![speed of sound of loneliness speed of sound of loneliness](https://i.ytimg.com/vi/hWlFa9M1GWA/maxresdefault.jpg)
At that time, all the other Vietnam songs were basic protest songs, made up to slap each other on the back like “Yeah, this is the right cause.” I don’t remember any other songs that talked about the soldiers at all. I tried to right a song about vets from their perspective.” John Prine (1034) “There’s no one person who was the basis for Sam Stone, more like three or four people like a couple of my buddies who came back from Vietnam and some of the guys I served with in the army. I saw a thing on the news one night where vets came home from Vietnam via San Francisco, some protestors spit on them and stuff which didn’t sit right by me.
![speed of sound of loneliness speed of sound of loneliness](https://i.ytimg.com/vi/5Bk8Cm53Ycg/maxresdefault.jpg)
But I had different guys, they all had different stories and I wanted to explain to myself what was happening with the veterans coming back from Vietnam. You still think you’re supposed to jump when a siren goes off.

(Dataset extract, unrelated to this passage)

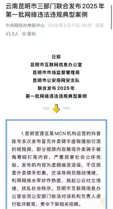 昆明有关部门处罚摆拍骑手内容引流的MCN机构。来源:中央网信办举报中心机构媒体也要坚守专业立场,拒绝被公众情绪和平台算法带着走,正确认识骑手高关注度背后是情绪而非事实在推动,扮演事实传递者而不是情绪助推者。

#SPEED OF SOUND OF LONELINESS HOW TO#
They’d come home and it’s almost like the way people talk about being incarcerated – when they get out they don’t tell them how to live out on the street…you’re training to go into the military is so intense, they take your individuality away from you then they leave you hanging like that when you get out. It was like this tension and then they had nothing to do so they just got high all the time. Just being over there going day after day with nothing happening then you’d be walking to get a beer with a buddy and he’d step on a mine. About five of my buddies who got drafted at the same time, a lot of them ended up in Vietnam, they came home but none of them were ever the same people, regardless of whether they were in combat or anywhere near it. And when it came the day for us to get our orders, me and three other guys got our orders for Germany. I got drafted in January of ’66 just after LBJ had committed or gone from 23,000 troops in Vietnam to 250,000 and everybody who just got drafted thought, “that’s where we’re going.” They sent me to Fort Polk, Louisiana to trawl round the swamp so I figured, “this is where I’m going,” they’re teaching you all of this, you know.